I know you asked about the Earth’s orbits relative to the Sun, but it’s important to note the Sun is moving in the galaxy, and the galaxy is moving through the void, so the Earth’s motion could almost be better compared to a squiggly line than a circle, depending on your point of view.
First off, the Moon has gravity and it tugs on the Earth, so at the very least that tug would make the line of any orbit wriggle. The other planets also tug on the Earth, and although their influence is resonant (meaning, it’s a stable ratio), it does matter and also wriggles the Earth’s orbit.
Anyway, Earth’s orbit isn’t circular, it’s very slightly elliptical, meaning there is a part of the orbit closer to the sun and a part of the orbit farther from the sun, shaped kind of like an egg, but it’s pretty close to a circle so we usually show it like that on pictures. The influence of the Moon and planets tugging on the Earth means it’s not a perfect ellipsis either, so the egg shaped orbit rotates year by year, meaning the Earth won’t be in exactly the same place this time next year. It’s kind of like a Spirograph.
Earth’s orbit also isn’t “flat”, in the sense that the ellipsis is slightly tilted relative to the earth’s axis, the sun’s axis, and the solar systems axis. The tilt also changes over a period of tens of thousands of years, varying up and down, partly accounting for imperfections in the resonant orbits of other planets and the Moon, like a wobbling top or gyroscope. Space is 3D after all.
So, you could say the Earth’s orbit wriggles and swirls up and down and in and out as it goes round and round the Sun.
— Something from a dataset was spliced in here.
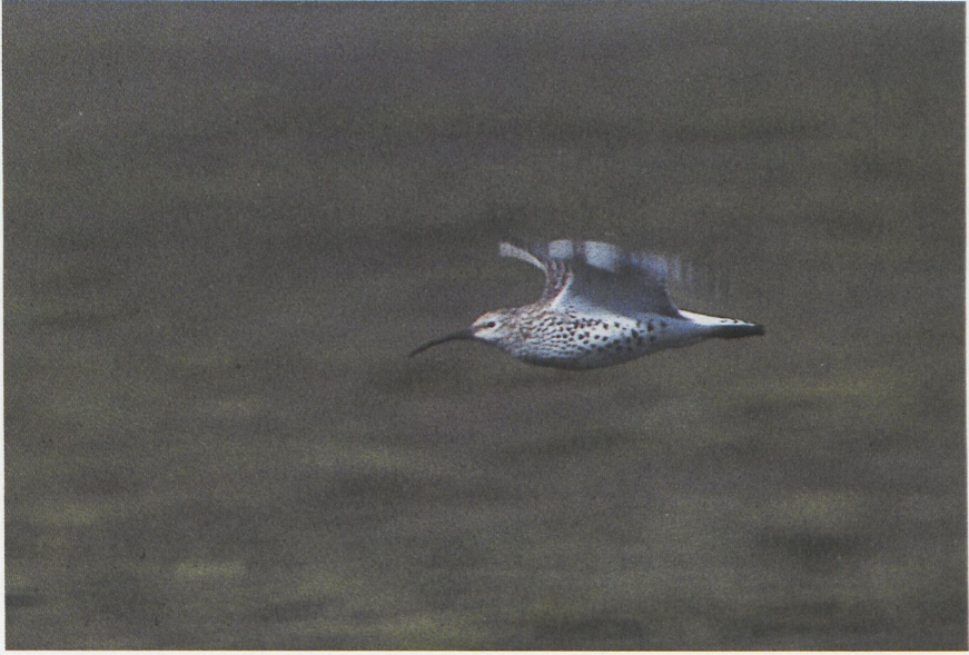
37-38 Slender-billed Curlew Numenius tenuirostris , Morocco, January 1988

The result is, currently, the southern hemisphere gets more light from the sun in summer than the northern hemisphere gets in summer, while the northern hemisphere gets more sun in winter than the south does. This wouldn’t happen if Earth’s orbit was perfectly circular and flat. Because northern summers are cooler, northern snow wouldn’t melt as much in the mountains, and warmer winters also mean more snowfall in the north, so it’s believed that the tilt and ellipsis cycles are key to the growth of glaciers and the Earth’s ice ages. In fact, there’s some evidence that we’d be in the beginnings of an ice age right now if it wasn’t for human-driven global warming.